Karier Yap Thiam Hien sebagai pengacara bukan sekadar perjalanan profesi. Ia adalah sejarah panjang tentang seorang manusia yang memilih berdiri di sisi hukum ketika banyak orang di sekitarnya justru berlutut di depan kekuasaan. Dalam lanskap hukum Indonesia yang kerap berubah menjadi instrumen rezim, Yap adalah satu dari sangat sedikit pengacara yang tetap percaya: hukum adalah soal manusia, bukan soal kekuasaan.
Daniel S. Lev, sahabat sekaligus biografer Yap dalam karya monumentalnya No Concessions: The Life of Yap Thiam Hien, Indonesian Human Rights Lawyer (University of Washington Press, 2011), menulis bahwa Yap bukan sekadar pengacara — ia adalah wujud nyata dari sebuah keyakinan: bahwa hak minoritas harus diperjuangkan sebagai bagian dari hak semua orang, bukan sebagai kepentingan yang berdiri sendiri.
| “Yap memang sering kalah di pengadilan, sebab dia membela bukan untuk menang, melainkan untuk membela kemanusiaan.” — Adnan Buyung Nasution — dalam Yap Thiam Hien 100 Tahun Sang Pendekar Keadilan |
| 2 | DARI LEIDEN KE JAKARTA: MEMBAWA PULANG HUKUM YANG HIDUP |
Yap Thiam Hien lahir pada 25 Mei 1913 di kawasan Peunayong, Kutaraja — kota yang kelak dikenal sebagai Banda Aceh. Ia lahir ke dalam keluarga Tionghoa Cabang Atas; moyangnya, Yap A Sin, pernah menjabat Luitenant der Chinezen di Kutaraja dari 1901 hingga 1922 — posisi penting dalam birokrasi kolonial Belanda. Namun kemewahan leluhur tidak membuat Yap tunduk kepada sistem yang membangunnya.
Sebelum menjejakkan kaki di bangku hukum, Yap menjalani perjalanan hidup yang berliku: menjadi guru di beberapa sekolah Tionghoa, bekerja sebagai agen asuransi, hingga menjadi pegawai Balai Harta Peninggalan Departemen Kehakiman semasa pendudukan Jepang. Baru setelah itu ia melanjutkan studi hukum ke Belanda dan meraih gelar Meester in de Rechten dari Universitas Leiden pada 1947 — membawa pulang bukan hanya ijazah, melainkan keyakinan bahwa hukum harus bisa berbicara untuk siapa pun.
Sepulang ke Indonesia yang baru merdeka, Yap menikahi Tan Gien Khing Nio, seorang guru yang kelak menjadi tiang penyangga perjalanan hidupnya. Mereka dikaruniai dua anak: Yap Hong Gie dan Yap Hong Aij. Istrinya tidak selalu setuju dengan pilihan-pilihan berbahaya yang diambil Yap — terutama ketika Yap memutuskan membela Soebandrio, tokoh paling dibenci di Indonesia kala itu. Tetapi Yap selalu menemukan jalannya sendiri untuk tetap berdiri pada kebenaran.

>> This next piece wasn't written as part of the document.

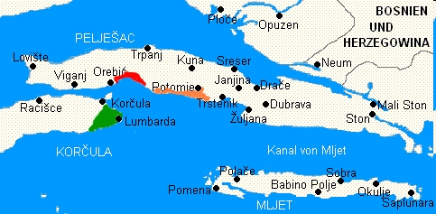 Wine regions of Dingac, Postup and Grk

Ia memulai praktik hukum di Jakarta pada awal 1950-an, pertama kali membuka kantor bersama John Karwin (bersama pula Mochtar Kusumaatmadja dan Komar), kemudian bergabung dengan firma hukum Lie Hwee Yoe, sebelum akhirnya mendirikan kantor hukumnya sendiri sekitar tahun 1970-an. Tetapi berbeda dengan banyak advokat pada zamannya yang membangun jaringan dengan elite politik dan bisnis, Yap justru membangun reputasi dari keberaniannya membela orang-orang yang tidak populer — mereka yang sudah dihitamkan namanya sebelum sidang dimulai.

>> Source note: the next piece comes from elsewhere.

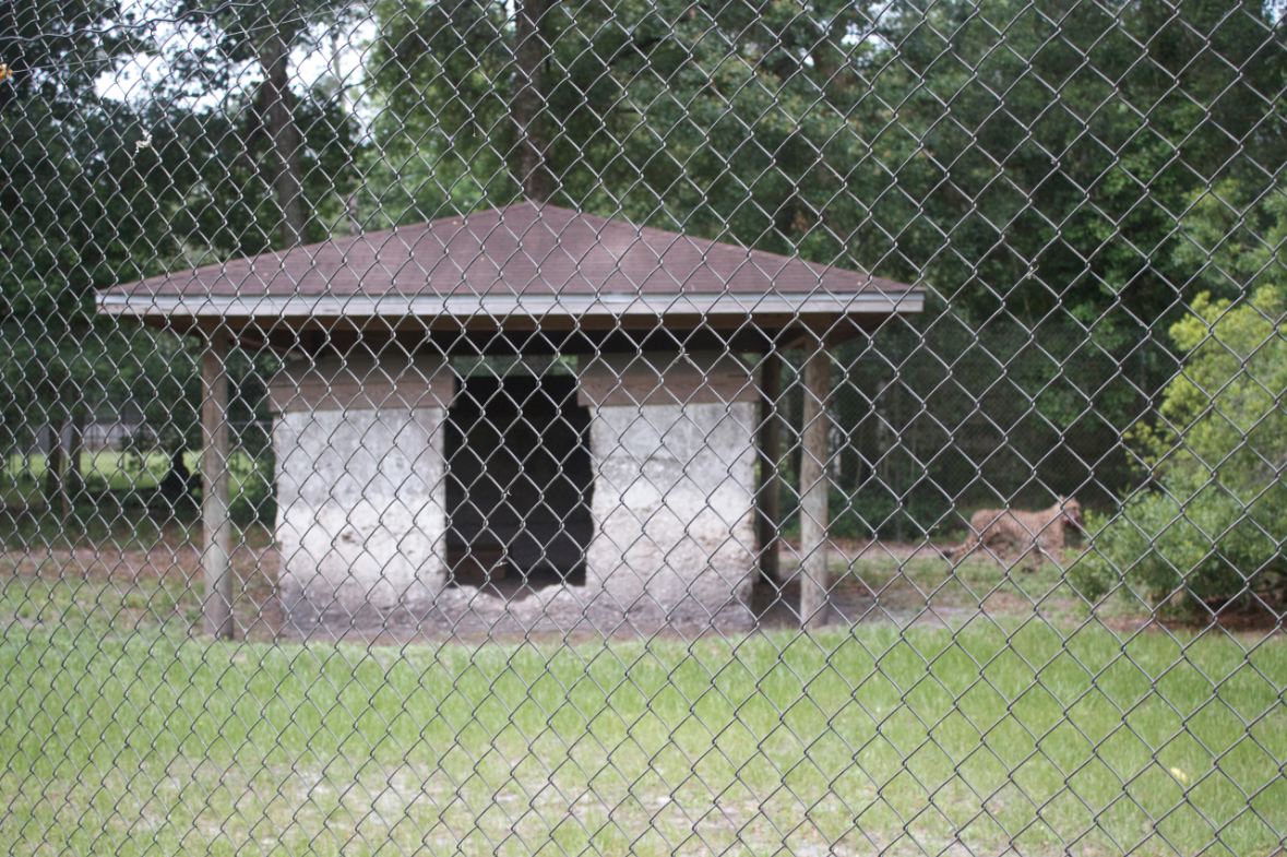 A cheetah runs behind the remnants of a building from the Kingsley era at White Oak Plantation.

| 3 | DI PANGGUNG KONSTITUANTE: SUARA TUNGGAL YANG MENENTANG ARUS |
Pada 1954, Yap ikut mendirikan BAPERKI (Badan Permusjawaratan Kewarganegaraan Indonesia) — organisasi yang didirikan untuk memperjuangkan hak kewarganegaraan bagi etnis Tionghoa. Ia terpilih sebagai Wakil Ketua Umum. Namun Yap bukanlah orang yang bisa dikandangkan dalam satu ideologi. Ketika BAPERKI di bawah Siauw Giok Tjhan mulai bergeser ke arah kiri dan semakin erat dengan orbit Presiden Soekarno, Yap mengundurkan diri dalam Kongres di Semarang pada 1960.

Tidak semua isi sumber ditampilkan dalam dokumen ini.